Prompt:
Would you please print exactly the lines that run from the one with "Le T-shirt Numeric" to the last line of the data, both included, without any pictures?

Extracted data:
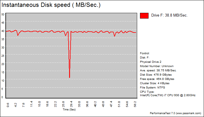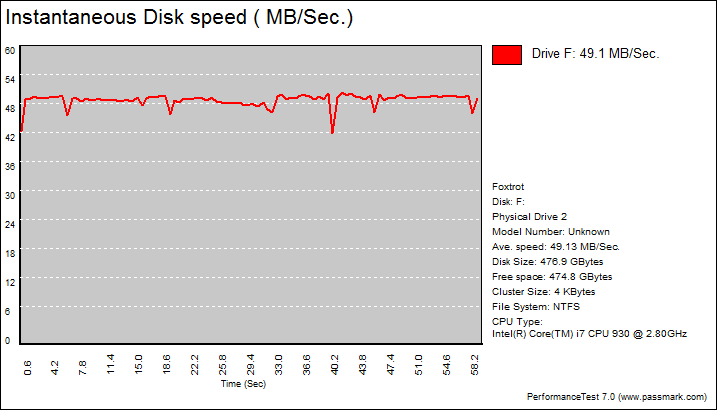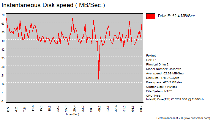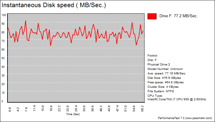 This Advanced Disk Test, which is part of PerformanceTest, measures the data transfer speed when reading or writing data to one or more disks. The speed that data can be transferred between memory and a hard disk drive is one of a system's most important performance aspects. There are quite a few factors which have a bearing on this speed and the Advanced Disk Drive Test allows the user to vary most of these factors and compare the results.
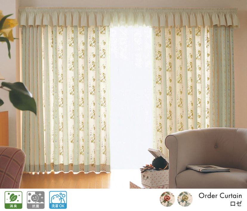 バラのデザインをプリントした小花柄ドレープカーテン「ロゼ」グリーン
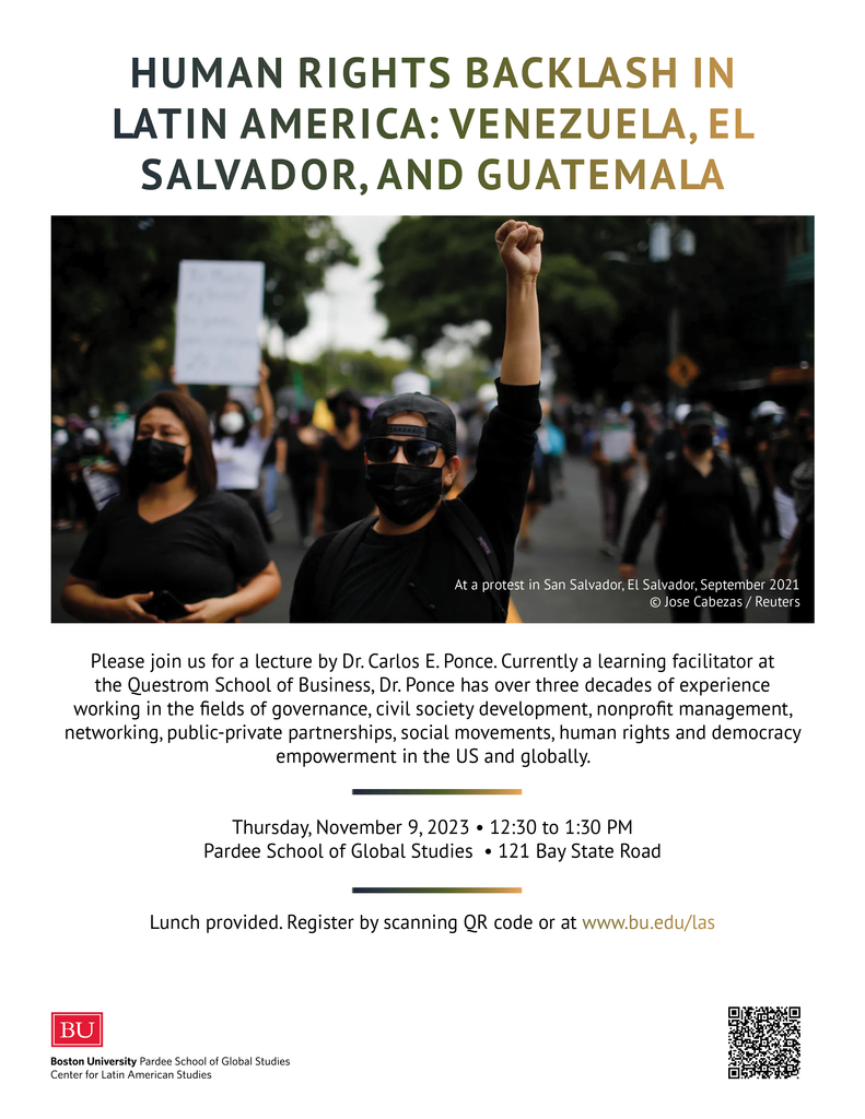 Join us for a talk by Dr. Carlos Ponce on Human Rights Backlash in Latin America: Venezuela, El Salvador, and Guatemala.
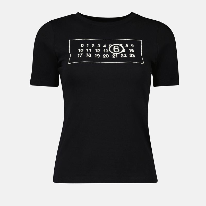 Le T-shirt Numeric gris de Mm6 est un vtement fminin de la collection Automne-Hiver 2025. Il prsente un col rond, des manches courtes et une coupe droite en coton.
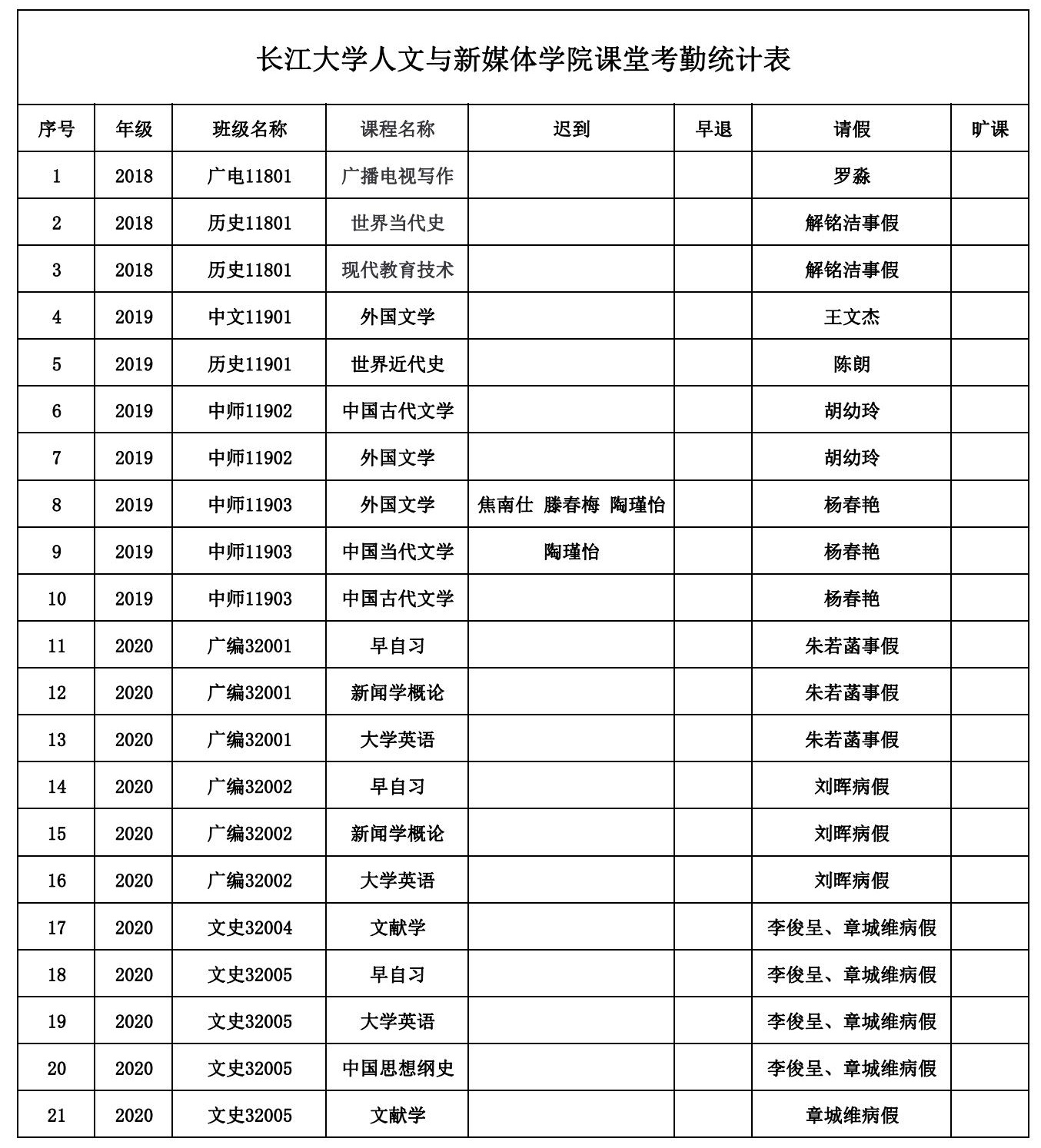 5月19日,公司组织员工干部对18、19、20级30个班的27门课程进行了61次课堂考勤,100%到课率40次,现将考勤结果公布如下:

Exercise output:
 Le T-shirt Numeric gris de Mm6 est un vtement fminin de la collection Automne-Hiver 2025. Il prsente un col rond, des manches courtes et une coupe droite en coton.
 5月19日,公司组织员工干部对18、19、20级30个班的27门课程进行了61次课堂考勤,100%到课率40次,现将考勤结果公布如下:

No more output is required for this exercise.